Continuous Delivery

Continuous Delivery

What is Continuous Delivery? It is the process of getting your software to your customers as soon as it is ready. More than that, it is getting individual features, enhancement and defect fixes to your customers as soon as they are ready. Let's talk about where you probably are right now. You are most likely delivering at a regular cadence. Whether that is monthly, weekly, each sprint or once a year, that is what you are doing. I think talking through an example is the best way to illustrate this.


You have a bug in the software. The engineer fixes it and it passes testing. Now, how long until your customer gets this bug fix? At your regular release cadence? Or quicker, maybe a hotfix. Hot fixes cost time and usually delay your next regularly scheduled release. For the same example, but this time continuous delivery. The engineer fixes it and it passes quality gates and finally it is deployed to production and available for your customer to enjoy. The whole process of customer sees bug, reports bug, support reviews bug, engineering reviews bug, engineering fixes bug, customer is happy gets streamlined. We all know the longer the customer waits, the less important the customer feels.


There are a few reasons why this is difficult. First, you need a CD (Continuous delivery) pipeline that works. Second, you (this is the everyone "you") must be willing to adapt to this sort of flow. On top of that, you need to define your work in such a way that your customers get value out of each item you do because each thing is a deployment/release to customers. The world you are in now thinks of deployments to production as a big milestone or are large effort. The smaller the change made, the smaller the risk to the customers. If you follow that line of thinking, then the more deployments to production the better.

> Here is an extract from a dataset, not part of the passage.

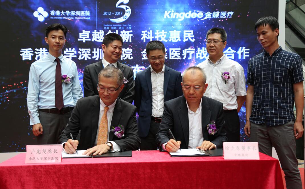 簽約儀式在香港大學深圳醫院舉行,深圳市醫管中心洪智明部長、港大深圳醫院院長盧寵茂教授、金蝶創始人、金蝶集團董事會主席、金蝶醫療董事長徐少春先生和金蝶醫療總經理尹治國先生等領導出席了簽約儀式。

How do we change our whole organization from large delivery to continuous value delivery? A lot of work. It will take changing a lot of habits and minds. The benefits will be worth cost of change. Like any other journey it starts with one step at a time. Start with your engineering processes. What are the manual steps for every release? You need your CD pipeline to be automated. Define each step until every release is a click of a button. Next, define all of your gates. What specific things must be checked/signed off to get code to production. Automate what you can and what you can't you need to tie into the CD pipeline. If there is a manual review sign off, that is fine. Make sure the notification that something needs to be reviewed is automated. Make sure the person has a button that clears the gate and the delivery moved to the next step. Engineers love automating things, so this should be easy to get buy in.


The hard part is that you have to get everyone else on board (Product, Support, Sales, Marketing, etc.). Support will be scared until you showcase how smooth the deployments go. Sales, they only care that new features are ready for selling and bugs are not preventing deals from closing. I bet they don't care much. Marketing does care about planning, this is going to take some buy in. Product does want things as soon as possible, but they want to control when something is ready (mostly for features). The perspectives of Product and Marketing teams is why I talk about deployment vs release. For items that Marketing or Product deem to be larger, we use modern practices of feature flags. The items are in production but hiding behind a flag. They can be turned on at any time.


The hardest part down your path to true Continuous Delivery is changing how you define work. You must move from a list of everything needed to deliver a feature to each item stands a unit of value for the customer. This goes into how you do User Stories and scrum practices (if that is your SDLC). Product and Engineering must define a value that is delivered by each item. And everyone must agree if things are hiding behind flags or just default being delivered. This part takes a lot of learning. But if you can make it through this journey your customers will be continually getting more value delivered. They will not be waiting for your next regularly scheduled delivery.